En ce mois de Novembre 1989, la concurence est rude dans le monde du Thrash Metal, Metallica (..And Justice for All); Anthrax (State of Euphoria); Slayer (South of Heaven); Megadeth (Peace Sells). Cependant, un groupe purement Thrash US a décidé de venir provoquer les grands pour tout démonter sur son passage, et ces petits prétentieux ont réussis!!!!!
De prime abord, l'agressivité rebute, Connoly est pénible la majorité du temps et le groupe semble vouloir donner dans le Thrash « dissonant » (et trébuchant). Bref, c'est mal barré.
Puis, l'album se révèle doucement. Petit à petit, on prend ses repères et on se laisse un peu aller. D'autant que certains passages sont absolument jouissifs (comme le break d' « Inherited Hell ») et sont taillés pour donner des frissons à tout Thrasheur lambda. Passé les premières mauvaises impressions, il reste alors l'efficience à la NUCLEAR : des riffs qui clouent au mur, des rythmiques infernales et un jeu de basse qui fait très mal (« Surgery »). On pensait tenir un album de Thrash sympa mais perfectible, finalement c'est la grosse « queue-cla dans ta gueule » comme disent les jeunes (ou la Feu-ba, je ne suis pas sectaire).
L'enthousiasme grandissant, on se surprend à trouver des portes d'entrée à tous les titres. Même les refrains et ch½urs pourris (« Emergency ») sont mémorables (dans le sens de « mémorisables ») et rebondissent adroitement sur de la bonne boucherie. Alors qu'à la base, c'était franchement pas gagné, ce "Handle" fleure finalement le défouloir es Thrash bien jouissif. Le mini miracle quoi.
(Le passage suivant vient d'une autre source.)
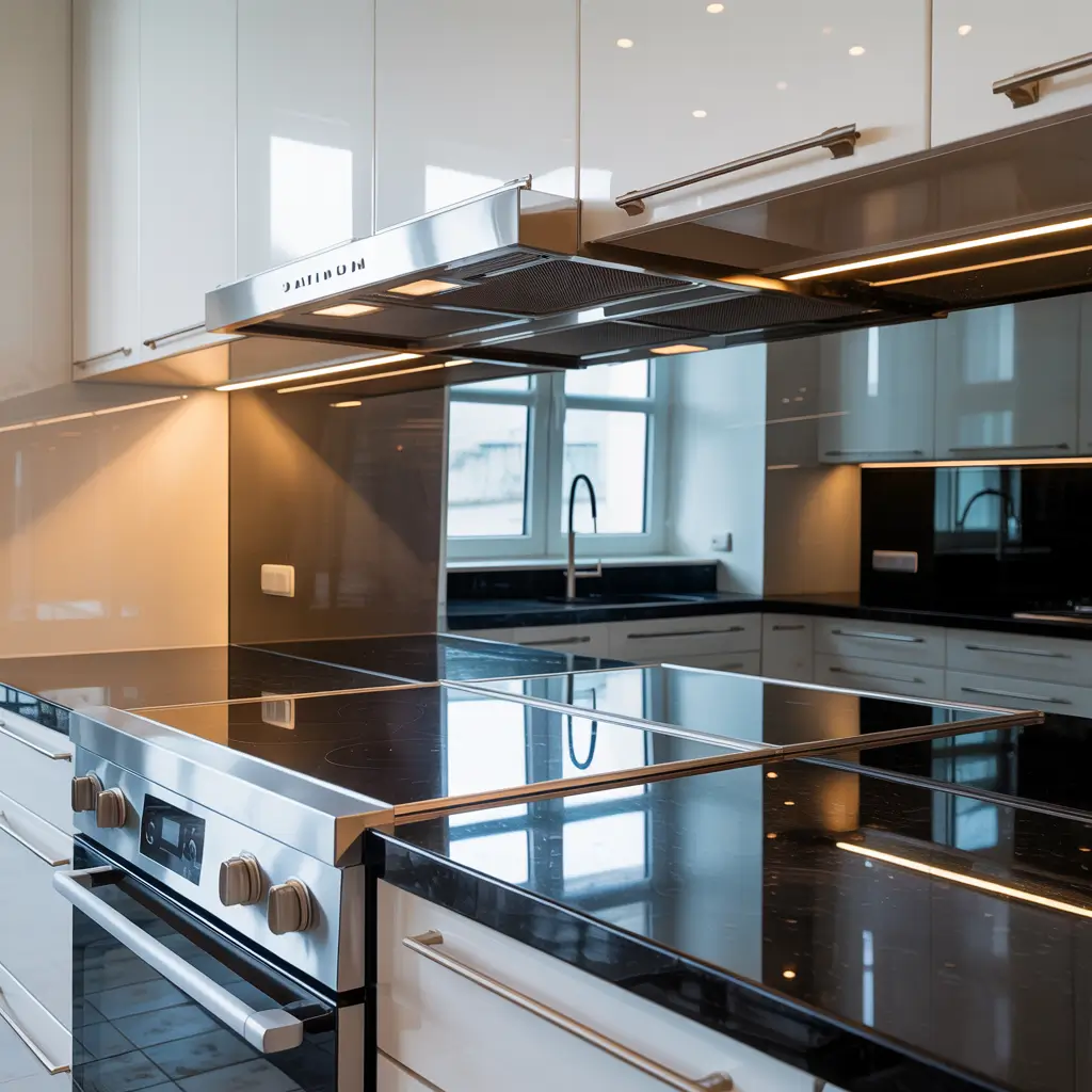Now, I know I just sang matte’s praises, but glossy black deserves its moment too—especially in smaller kitchens. Ever wondered why designers always throw mirrors into tiny spaces? Same principle applies here.

Donc, NUCLEAR ASSAULT surprend et se donne une ampleur inattendue. Je vais pas répéter 25 fois la même chose.
A tous ceux qui connaissent un peu les tarés new-yorkais, j'anticipe et je réponds : oui, NUCLEAR continue ses incartades à la noix. Ce coté « délire » peut plaire à certains. En ce qui me concerne, ça me convient pas, d'autant que le contraste avec les tueries et le criard. Je vous renvoie à l'enchaînement « Emergency » (avec le refrain nul) sur « Funky Noise » (et son groove de merde) tombant comme un cheveu sur la soupe, puis « F# » qui tabasse méchamment. Sans parler (ou très peu) du reste. Et vas-y que je rote en guise d'intro (« Search & Seizure ») et que je bourrine comme un taré (« Mother's Day »). Bref, comme à son habitude, le groupe ne se prend pas au sérieux. Un mal pour un bien, un bien pour un mal. A vous de voir.
Dans cet univers qui alterne envie de tout tuer, de faire mal, de dénoncer et faire rigoler, NUCLEAR finit par convaincre. Malgré ses handicaps, l'album vous happe et esquisse une vision du Thrash coincée entre celle d'ANTHRAX et EXODUS. A cela, le groupe choisit la ligne droite et s'exprime rapidement, sans laisser de répit, accentuant le coté assommant et déroutant de l'½uvre.
La violence intrinsèque et le particularisme de NUCLEAR ASSAULT font de ce "Handle" un album à ne pas mettre entre toutes les oreilles. L'ambivalence des registres rend ce Thrash « nitroglycérine » peu évident pour tout à chacun. D'ailleurs, c'est pas faute de prévenir, c'est marqué en gros sur la pochette : « à manier avec précaution ».